Enables making queries to the ColBERTv2 server for retrieval. Internally, the method handles the specifics of preparing the request prompt and corresponding payload to obtain the response. The function handles the retrieval of the top-k passages based on the provided query.

Parameters:

  • query (str): Query string used for retrieval.
  • k (int, optional): Number of passages to retrieve. Defaults to 10.
  • simplify (bool, optional): Flag for simplifying output to a list of strings. Defaults to False.

Returns:

  • Union[list[str], list[dotdict]]: Depending on simplify flag, either a list of strings representing the passage content (True) or a list of dotdict instances containing passage details (False).

Quickstart

import dspy

colbertv2_wiki17_abstracts = dspy.ColBERTv2(url='http://20.102.90.50:2017/wiki17_abstracts')
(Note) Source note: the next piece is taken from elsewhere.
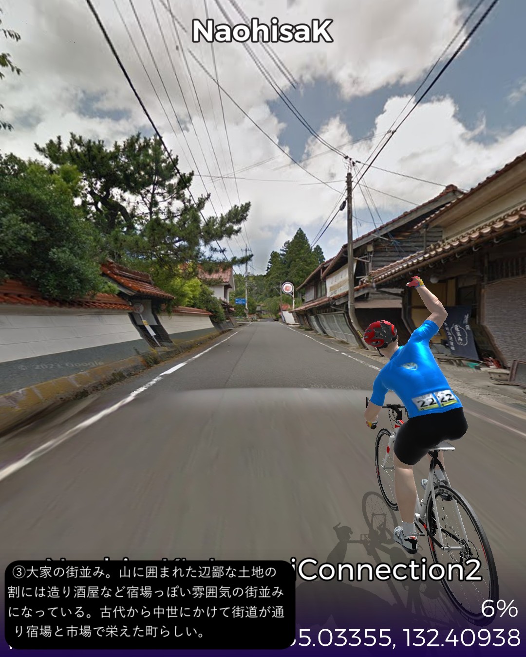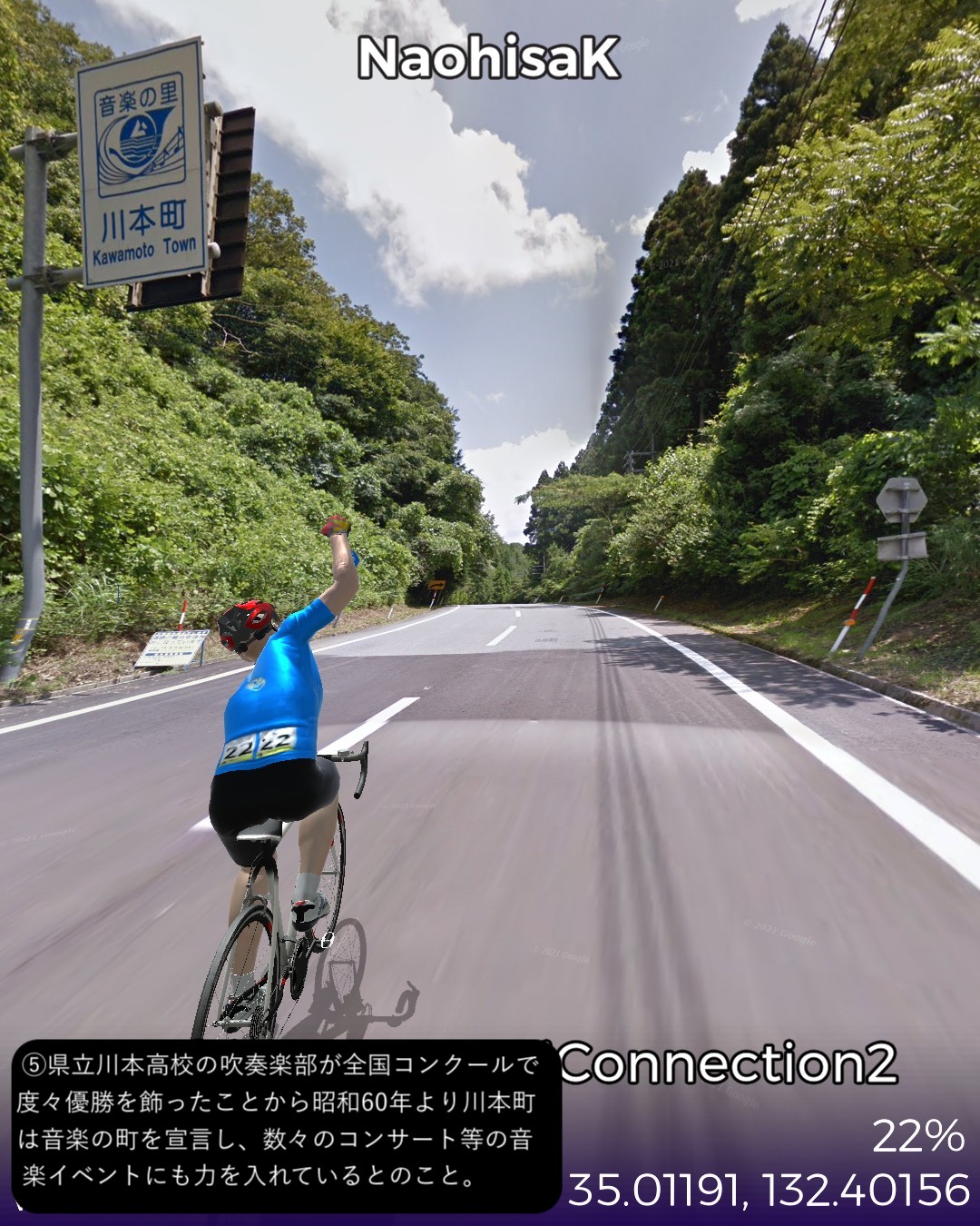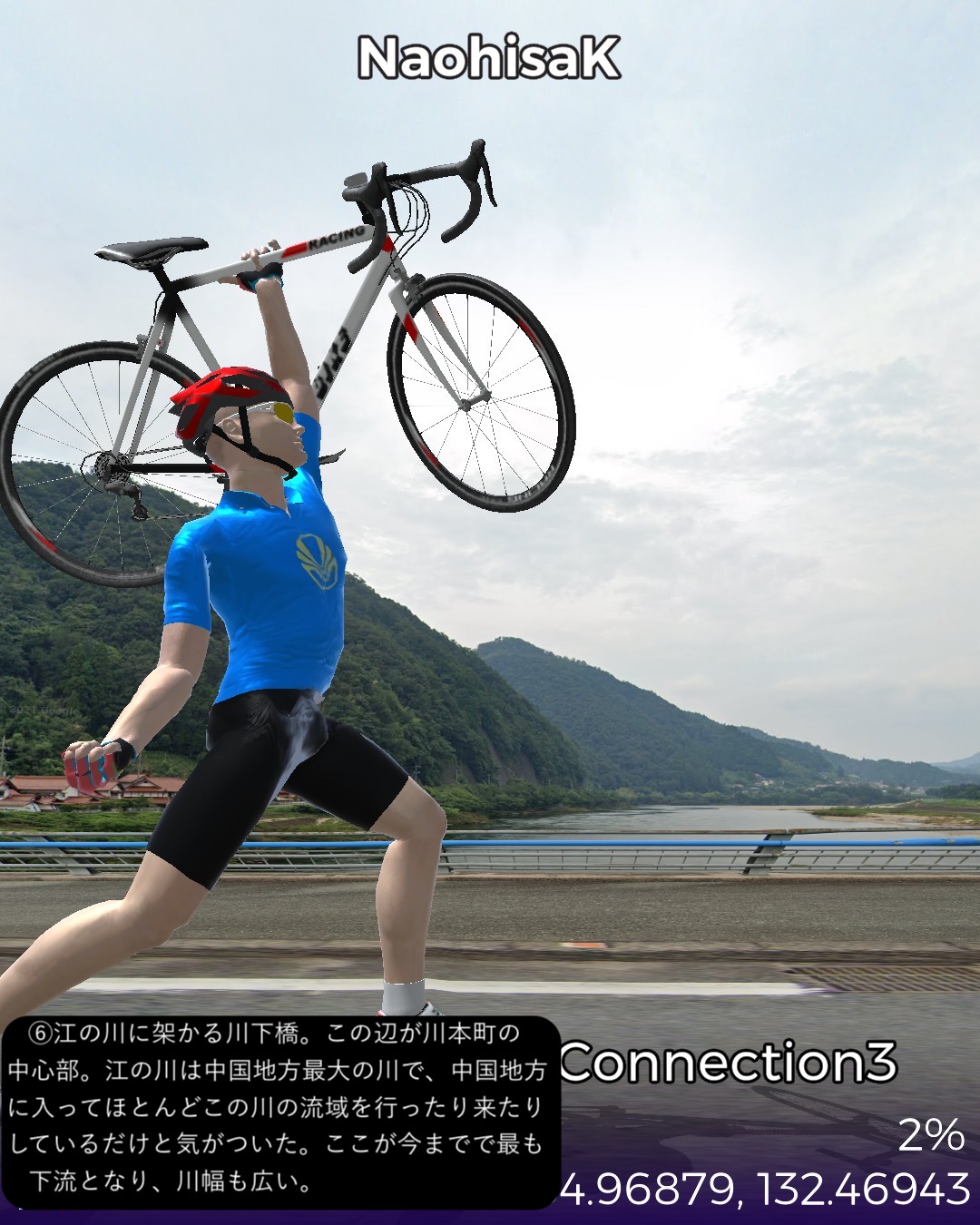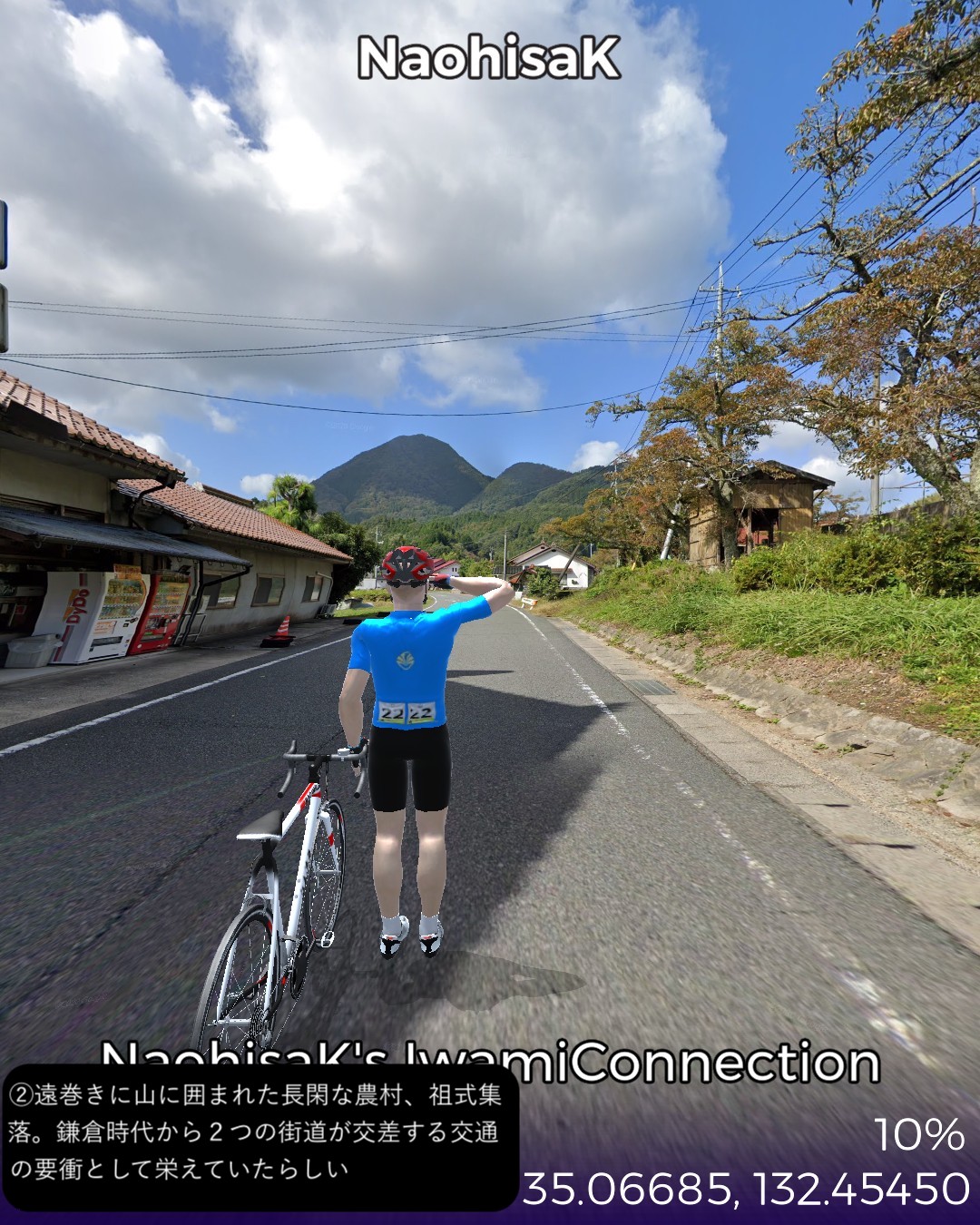 VRサイクリング、石見銀山街道で石見銀山まで到達した後は広島方面へ向かうこととし、山陰の浜田と広島を結ぶ石州街道へ中継する名もなき道を往く。石見銀山から川本町、邑南町を通り石州街道の宿場町市木宿まで49kmの行程。島根県、石見地方の山間部をウロウロするので石見コネクションとルートを命名してみた。ルート全般に緑溢れる丘陵地帯にオレンジ色の石州瓦の屋根の家々が点在する欧州の田舎のような風景が美しい。険しい山道は少なかったが、その中で魚の遡上も阻止するというところから断魚渓という名の渓谷を通った。千畳敷の河原に奇岩の絶壁が続くなかなかの景勝地であった。石見銀山もそうだが、日本でもマイナーでアクセスの悪いワーストに入りそうな島根県の山奥なので観光資源が知られておらず過小評価されているような気がする。

retrieval_response = colbertv2_wiki17_abstracts('When was the first FIFA World Cup held?', k=5)

for result in retrieval_response:
print("Text:", result['text'], "\n")

dspy.ColBERTv2RetrieverLocal

This is taken from the official documentation of Colbertv2 following the paper.

You can install Colbertv2 by the following instructions from here

Constructor

The constructor initializes the ColBERTv2 as a local retriever object. You can initialize a server instance from your ColBERTv2 local instance using the code snippet from here

class ColBERTv2RetrieverLocal:
def __init__(
self,
passages:List[str],
colbert_config=None,
load_only:bool=False):

Parameters

  • passages (List[str]): List of passages to be indexed
  • colbert_config (ColBERTConfig, Optional): colbert config for building and searching. Defaults to None.
  • load_only (Boolean): whether to load the index or build and then load. Defaults to False.

The colbert_config object is required for ColBERTv2, and it can be imported from from colbert.infra.config import ColBERTConfig. You can find the descriptions of config attributes from here

Methods

forward(self, query:str, k:int, **kwargs) -> Union[list[str], list[dotdict]]

It retrieves relevant passages from the index based on the query. If you already have a local index, then you can pass the load_only flag as True and change the index attribute of ColBERTConfig to the local path. Also, make sure to change the checkpoint attribute of ColBERTConfig to the embedding model that you used to build the index.

Parameters:

  • query (str): Query string used for retrieval.
  • k (int, optional): Number of passages to retrieve. Defaults to 7

It returns a Prediction object for each query

Prediction(
pid=[33, 6, 47, 74, 48],
passages=['No pain, no gain.', 'The best things in life are free.', 'Out of sight, out of mind.', 'To be or not to be, that is the question.', 'Patience is a virtue.']
)

dspy.ColBERTv2RerankerLocal

You can also use ColBERTv2 as a reranker in DSPy.

Constructor

class ColBERTv2RerankerLocal:

def __init__(
self,
colbert_config=None,
checkpoint:str='bert-base-uncased'):

Parameters

  • colbert_config (ColBERTConfig, Optional): colbert config for building and searching. Defaults to None.
  • checkpoint (str): Embedding model for embeddings the documents and query

Methods

forward(self,query:str,passages:List[str])

Based on a query and list of passages, it reranks the passages and returns the scores along with the passages ordered in descending order based on the similarity scores.

Parameters:

  • query (str): Query string used for reranking.
  • passages (List[str]): List of passages to be reranked

It returns the similarity scores array and you can link it to the passages by

for idx in np.argsort(scores_arr)[::-1]:
print(f"Passage = {passages[idx]} --> Score = {scores_arr[idx]}")